In Intermountain, the United States Court of Appeals for the Ninth Circuit found that overstatements of basis in cases outside of the trade or business context were not omissions from gross income as discussed in IRC §6501(e)(1) and Treas. Reg. §301.6501-1T. Additionally, the court in Intermountain indicated the “applicable period for assessing tax” for these overstatements in basis was the general three year limitation. In reaching its decision, the Ninth Circuit relied on the Supreme Court interpretation of the predecessor of IRC §6501(e) in Colony v. Commissioner, 378 U.S. 28 (1958).
The IRS rejected this position, relying on National Cable & Telecommunications Association v. Brand X Internet Services, 545 U.S. 967 (2005), inwhich the Supreme Court held that “the Treasury Department and the Internal Revenue Service are permitted to promulgate a reasonable construction of an ambiguous statute that contradicts any court’s interpretation.” The IRS indicated in its final regulation that “the interpretation adopted by the Supreme Court in Colony represented that court’s interpretation of the phrase “omits from gross income,” but this was not the only permissible interpretation of it.” Definition of Omission From Gross Income, 75 Fed. Reg. 242, 78,897 (December 17, 2010) (to be codified at Treas. Reg. §301.6501(e)-1).
Note, however, that the IRS’s position depends entirely on whether IRC §6501(e) is in fact ambiguous. In its final regulation, the IRS indicates that the Supreme Court stated in Colony that the statutory phrase “omits from gross income” is ambiguous. Id.
The Ninth Circuit in Intermountain suggests that the Supreme Court in Colony came to a contrary conclusion:
Although the Supreme Court initially found the statutory provision ambiguous, that was only a preliminary conclusion before considering the statute’s legislative history.

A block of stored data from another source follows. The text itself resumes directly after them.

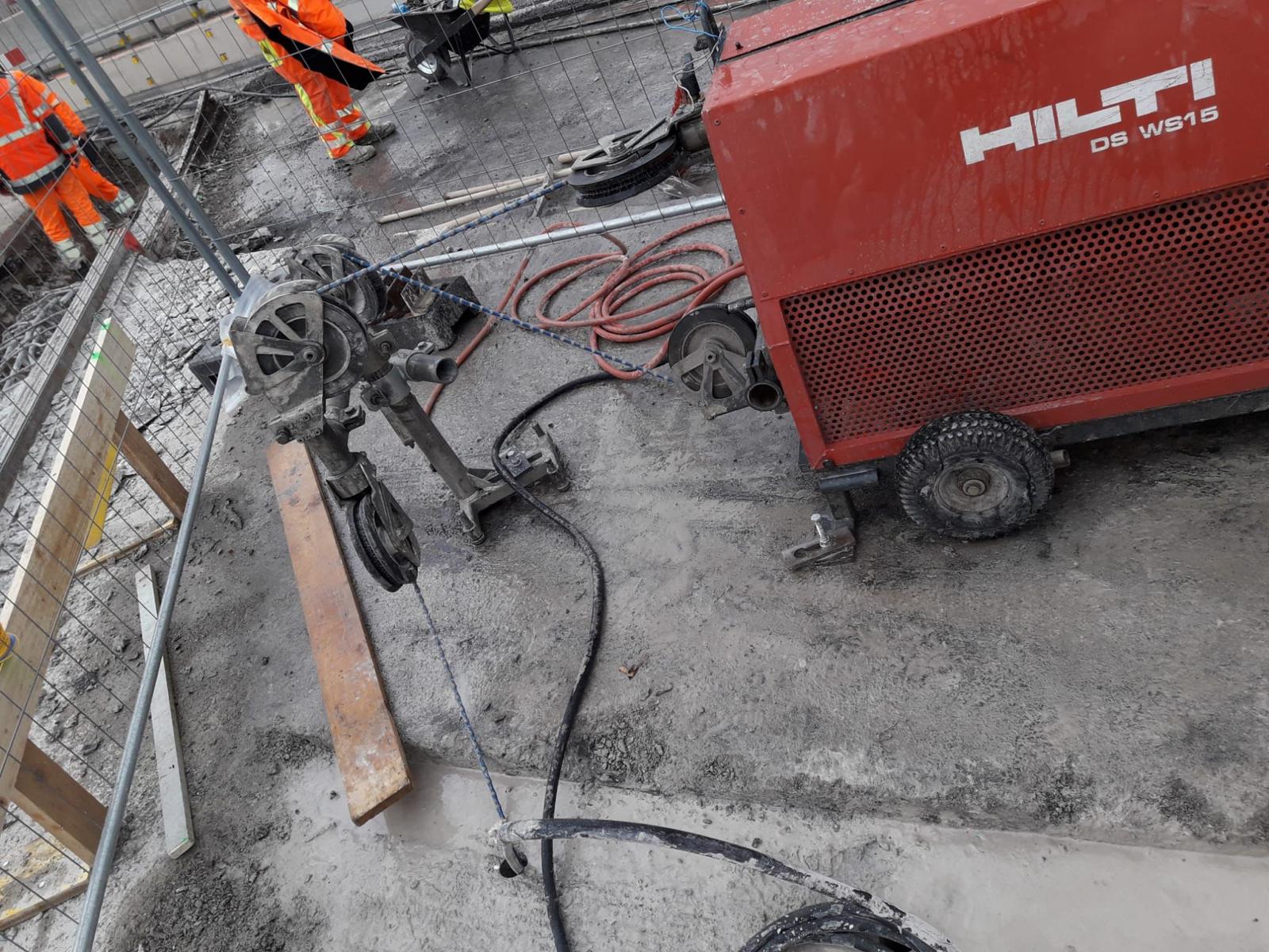 Die Seilsägetechnik arbeitet erschütterungs- und staubfrei durch den Einsatz von wassergekühlten Systemen. Die Antriebseinheit muss nicht unmittelbar neben dem Bauteil stehen, wodurch wir auch schwer zugängliche Bereiche problemlos erreichen.
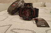 Массивный циферблат Big Cases Series™ с ярко-красными элементами великолепно смотрится с чёрным ремешком, сделанным из полимерного материала. Наручные часы имеют пластиковый противоударный корпусУдаропрочный корпусМеханизм заключён в корпус, выполненный из современных материалов, устойчивых к ударам, механическим повреждениям и падению с высоты: инновационный пластик, карбон, нержавеющая сталь, титан., благодаря которому можно не бояться повреждений или случайного падения. Интересной деталью стало колесо прокрутки, с помощью которого легко настраивать время, таймер, будильник. Японский кварцевый механизм получает питание от батарейки, срок службы которой составляет 3 года. Водонепроницаемость 20 бар. Устойчивость к влиянию магнитных полей. Минеральное стекло. Светодиодная подсветкаСветодиодная подсветкаСветодиодная или LED-подсветка обеспечивает появление яркого холодного свечения за счёт LED-элементов - маленьких лампочек. Они потребляют минимальное количество энергии, чаще всего можно встретить 1 светодиод, в нижней части циферблата. оранжевого цвета. Секундомер, мировое времяМировое время Полезное часовое усложнение, отображающее время в основных городах и известных областях по всему миру, оно связано с часовыми поясами, удобно для путешественников и бизнесменов. , календарь до 2099 года, хронографХронографФункция позволяет измерять отрезки времени с особой точностью: часы, минуты, секунды. Верным признаком хронографа является наличие на циферблате 3 дополнительных окошек-счётчиков., UTCUTCВсемирное кординационное время, не имеющее привязки к географическому положению Гринвича, основывается на атомном отсчёте времени. Регулировка времени осуществляется более точно, чем устаревшее GMT.
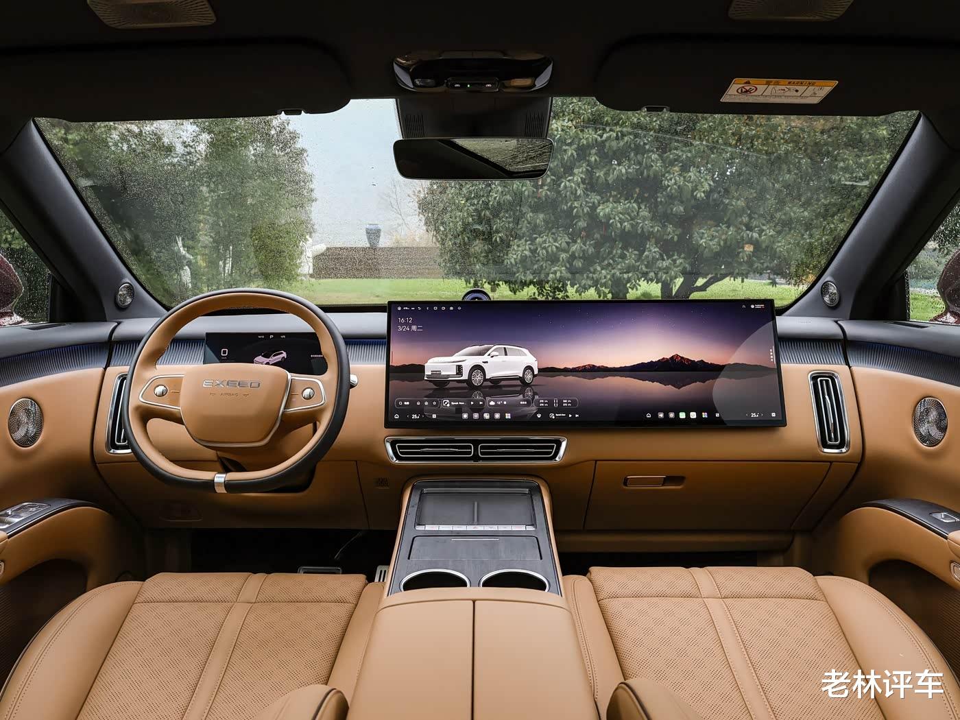 现在的新能源汽车讲究“冰箱沙发大彩电”,星途EX7也不能免俗,它配备了10.25英寸液晶仪表盘+24英寸HUD投屏+30英寸6K中控屏幕,中控屏幕一直延伸到副驾驶前方,画面显示效果十分细腻清晰,在骁龙8295P芯片的加持下,系统运行起来十分流畅,车机功能也十分丰富。
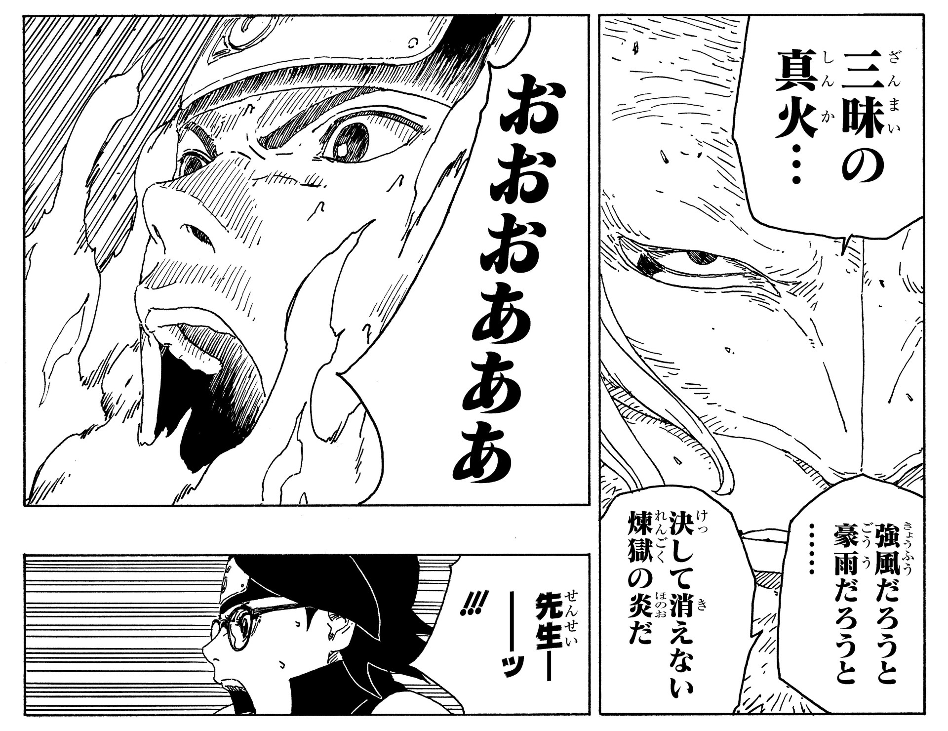 その脅威の力で上忍・木ノ葉丸を圧倒し、その身を焼き尽くそうとします。

After thoroughly reviewing the legislative history, the Supreme Court concluded that Congress’ intent was clear and that the statutory provision was unambiguous.
Intermountain, 134 T.C. No. 11 at 7.
Additionally, the IRS does not respond to Ninth Circuit’s application of the test from Chevron U.S.A. Inc. v. Natural Res. Def. Council, 467 U.S. 837, (1984),to determine whether the statutory provision at issue was ambiguous.

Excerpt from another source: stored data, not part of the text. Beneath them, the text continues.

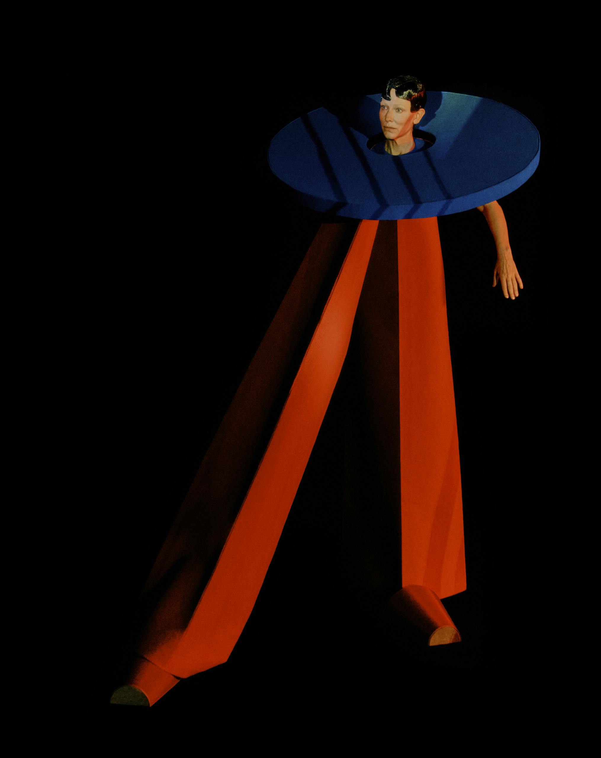 “I’d made a simple portrait of Cate before, and I knew from meeting her that there was this window,” explains Davison. “With certain people, you can tell they enjoy the process and are more excited by not being themselves in front of the camera.” Davison and the team did a lot of prep ahead of the shoot to ensure Blanchett would come along for the ride. “She saw very early drawings and moodboards,” he says. “We created a selection of outfits, which were more like objects for her to play with. She just inhabited the space while bringing her own ideas into the mix. It’s exciting when someone gives in to the idea and understands the process. Not all actors do, but Cate was really game.”
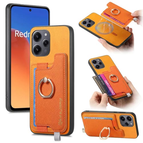 Funda para Teléfono con TaRJetero y Anillo de Cuero con Diseño Retro Magsafe para Redmi 12/Note 12R/Poco M6 Pro 5G (Amarillo)
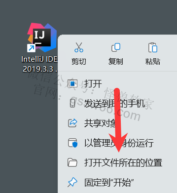 14,在桌面上找到并选中“IntelliJ IDEA”软件图标,点击鼠标右键,点击“打开文件所在的位置”
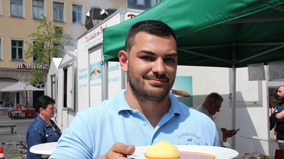 Die Bratwurst hatte am Mittwoch auf dem Markt freilich heftige Konkurrenz: Wegen der Anerkennung als kulinarisches Erbe gab es auch Kloß mit Soß oder Braten sowie Zwiebelkuchen. Beides fand viele spontane und begeisterte Abnehmer, trotz der Wärme. "Für mich ist das jetzt wie Sonntag", sagte zum Beispiel Christian Ott. "Als Coburger und Klößesser muss ich da zuschlagen."

The first step in Chevron’s two-step analysis is to ask “whether Congress has directly spoken to the precise question at issue” If the intent of Congress is clear, that is the end of the matter, for the court, as well as the agency, must give effect to the unambiguously expressed intent of Congress.
Intermountain, 134 T.C. No. 11 at 8.
Notably, when answering the first step of the Chevron analysis, the Ninth Circuit relied upon the 1958 Supreme Court’s examination of the legislative history of IRC §6501(e)’s predecessor in Colony, IRC §275(c) to determine whether Congress had spoken to the question at issue.
The Supreme Court found the legislative history to be persuasive evidence that Congress was addressing itself to the specific situation where a taxpayer actually omitted some income receipt or accrual in his computation of gross income, and not more generally to errors in that computation arising from other causes. It further indicated that this history shows to our satisfaction that the Congress intended an exception to the usual three-year statute of limitations only in the restricted type of situation already described [an omission of an item of gross income] The statute’s legislative history clarified its otherwise ambiguous text and, as a result, explicated Congress’ intent and the meaning of the statutory provision.
The predecessor statute, IRC §275(c), contains the exact same statutory language as IRC §6501(e). “Thus, the Supreme Court’s opinion in Colony, Inc. v. Commissioner, supra, “unambiguously forecloses the agency’s interpretation” of sections 6229(c)(2) and 6501(e)(1)(A) and displaces respondent’s temporary regulations.” Id.
The Ninth Circuit emphasized the clarity of the Congressional Intent when enacting the predecessor of the statute at issue. Despite the holding in Colony finding the statutory language to be “unambiguous”, however, the phrase “omits from gross income” as used in IRC §6501(e) is pending before several United States Courts of Appeals. Definition of Omission From Gross Income, 75 Fed. Reg. 242, 78,897 (December 17, 2010) (to be codified at Treas. Reg. §301.6501(e)-1).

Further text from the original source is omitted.